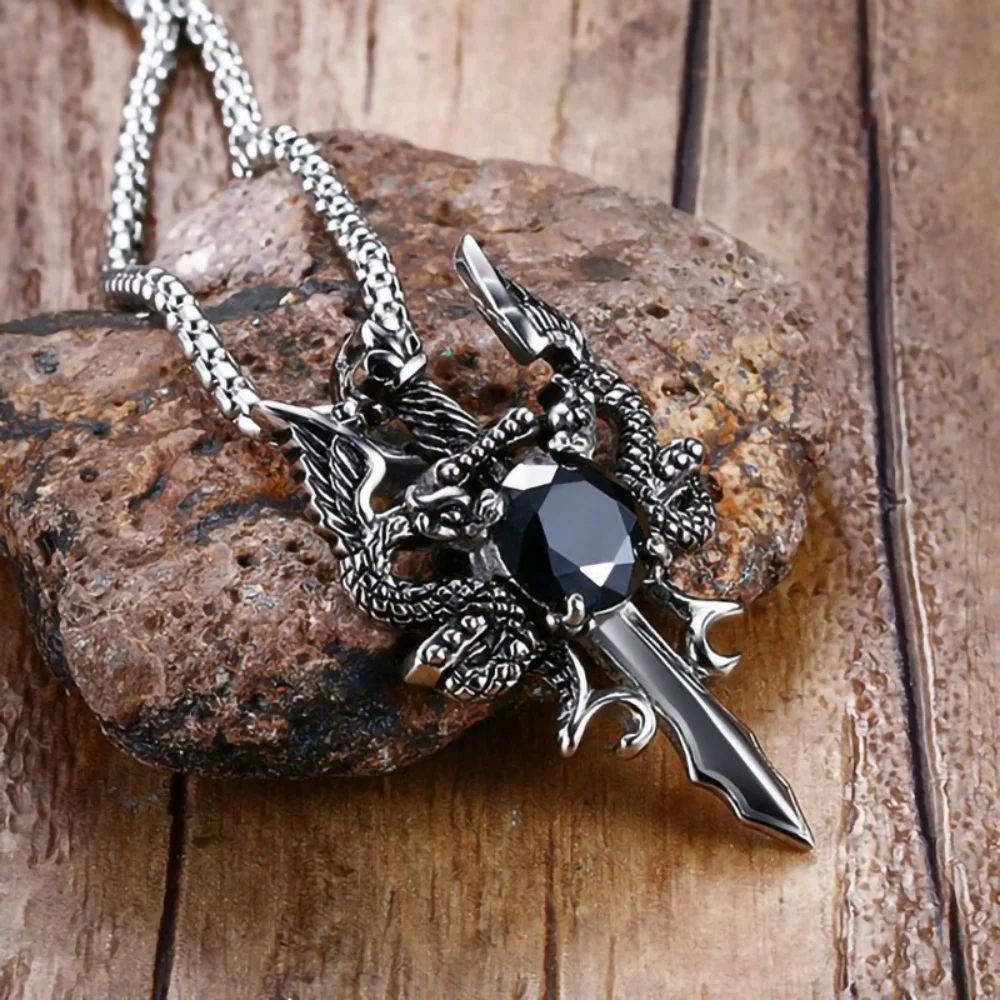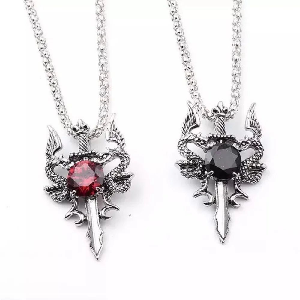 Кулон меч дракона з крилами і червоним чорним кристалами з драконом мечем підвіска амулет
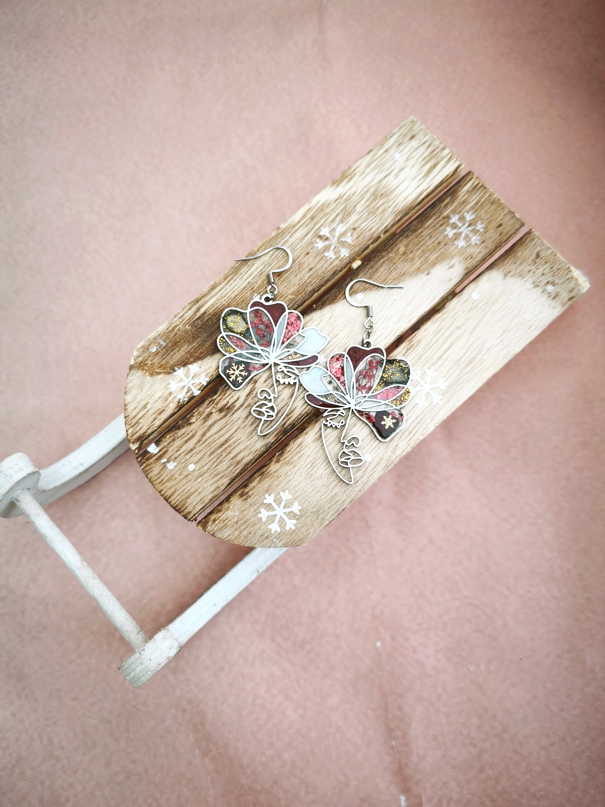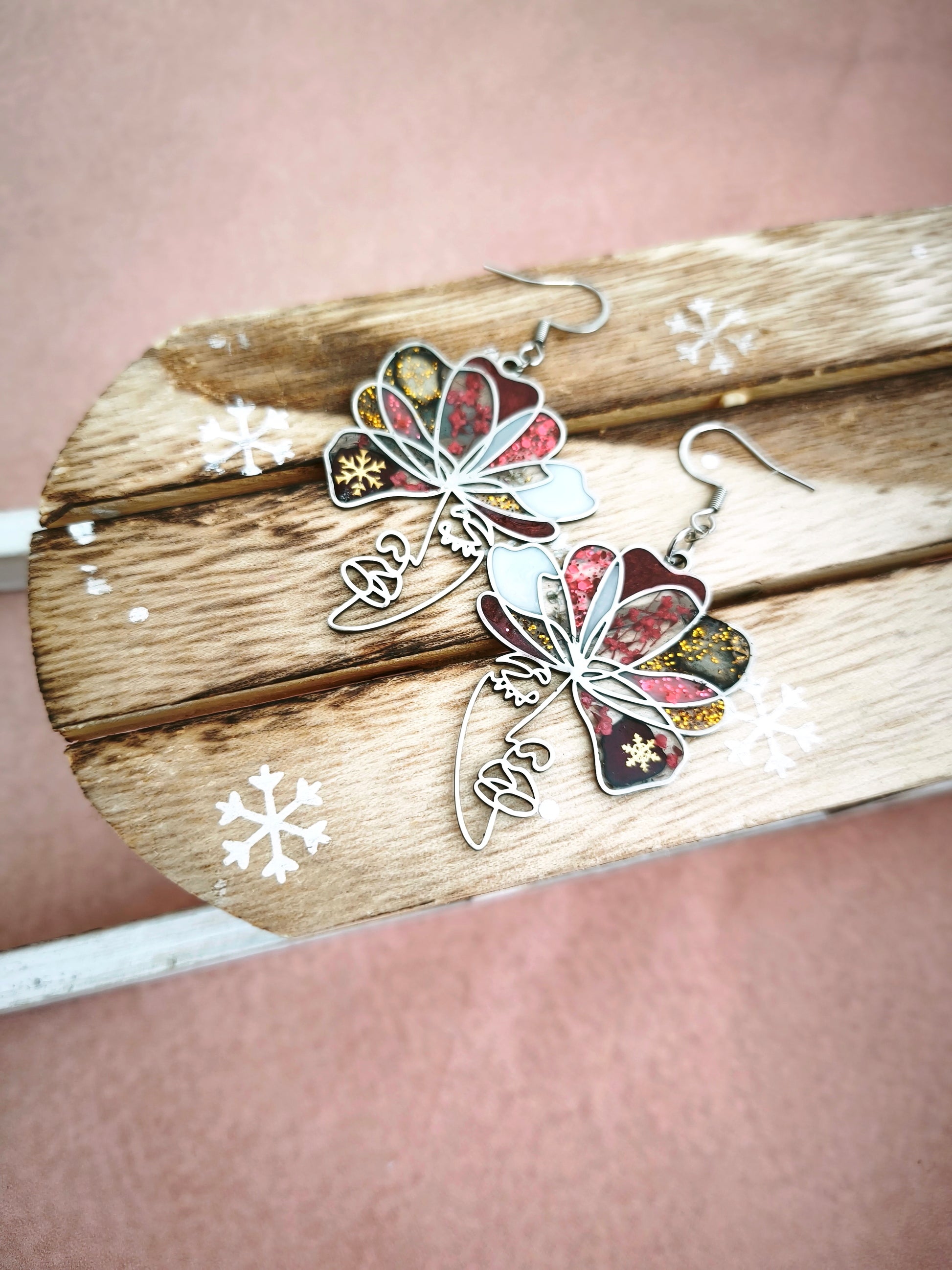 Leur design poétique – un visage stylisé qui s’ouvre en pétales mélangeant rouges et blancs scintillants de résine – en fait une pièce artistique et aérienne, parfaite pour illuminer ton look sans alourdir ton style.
#####
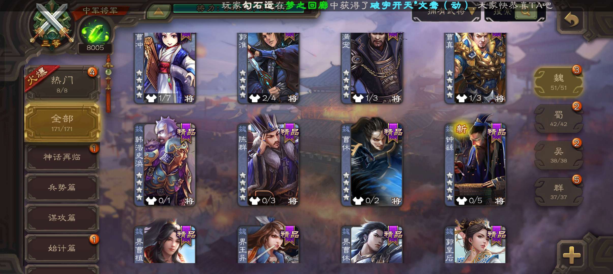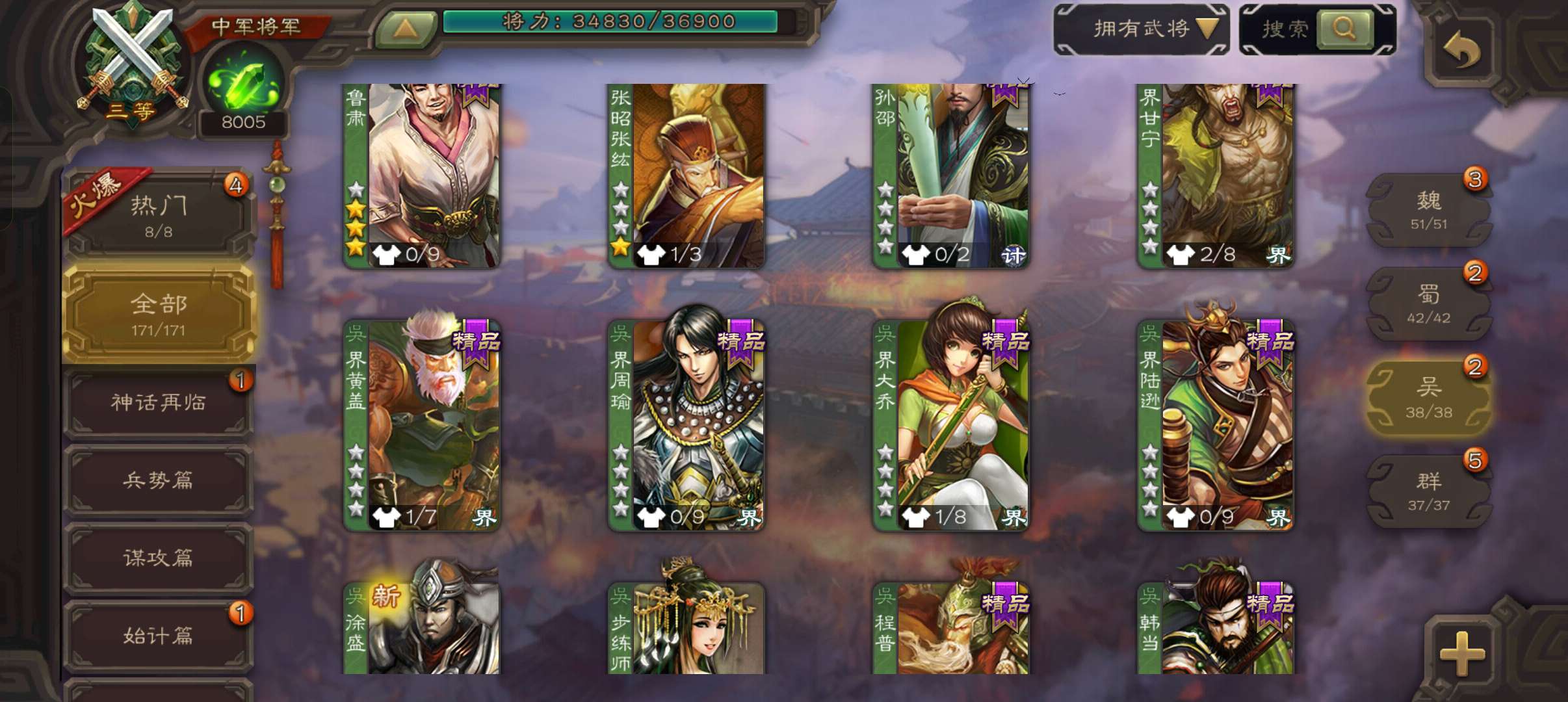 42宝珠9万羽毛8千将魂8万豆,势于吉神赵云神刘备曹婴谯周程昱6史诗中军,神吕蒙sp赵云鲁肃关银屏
#####
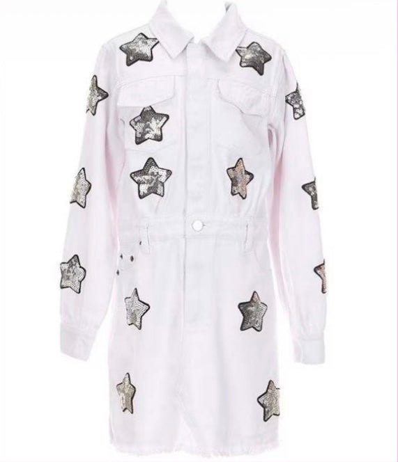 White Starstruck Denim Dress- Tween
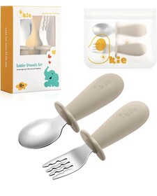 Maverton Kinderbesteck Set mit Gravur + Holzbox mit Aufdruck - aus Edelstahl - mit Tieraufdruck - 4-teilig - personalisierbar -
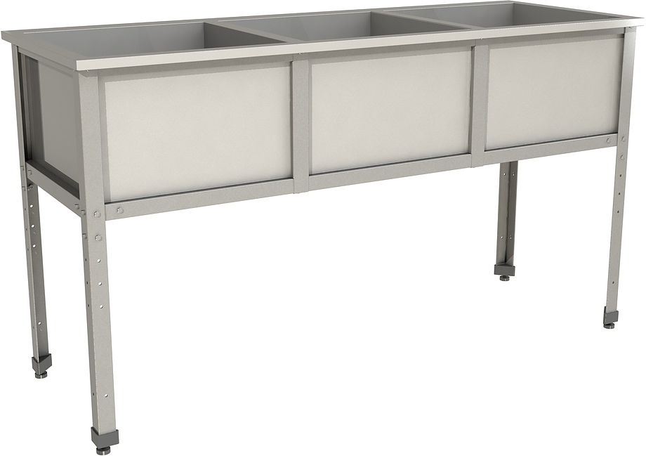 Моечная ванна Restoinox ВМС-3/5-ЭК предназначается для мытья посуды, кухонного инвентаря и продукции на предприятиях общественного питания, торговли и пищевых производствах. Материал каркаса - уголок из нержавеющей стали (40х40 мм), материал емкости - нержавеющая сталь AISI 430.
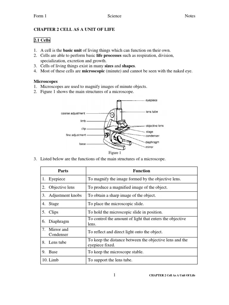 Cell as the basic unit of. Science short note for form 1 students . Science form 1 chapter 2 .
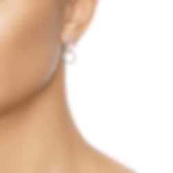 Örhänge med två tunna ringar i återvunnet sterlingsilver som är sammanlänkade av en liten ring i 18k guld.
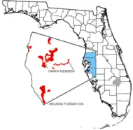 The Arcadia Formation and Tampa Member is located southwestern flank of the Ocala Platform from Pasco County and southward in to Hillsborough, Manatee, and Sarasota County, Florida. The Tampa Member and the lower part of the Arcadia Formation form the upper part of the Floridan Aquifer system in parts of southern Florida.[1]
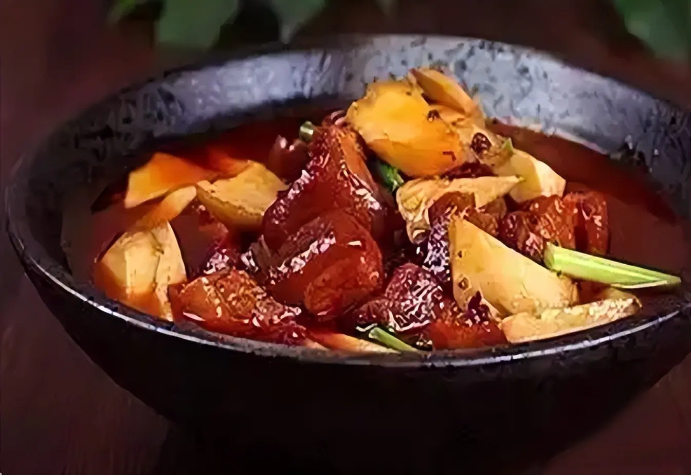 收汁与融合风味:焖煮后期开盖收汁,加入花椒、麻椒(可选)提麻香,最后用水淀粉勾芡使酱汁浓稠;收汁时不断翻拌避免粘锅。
#####
▶ _To do_: What is needed is an exact copy of only the lines above from the one with "Кулон меч дракона" to the one with "Leur design poétique", both kept, with every picture left out.

▶ _Your response_:
 Кулон меч дракона з крилами і червоним чорним кристалами з драконом мечем підвіска амулет
 Leur design poétique – un visage stylisé qui s’ouvre en pétales mélangeant rouges et blancs scintillants de résine – en fait une pièce artistique et aérienne, parfaite pour illuminer ton look sans alourdir ton style.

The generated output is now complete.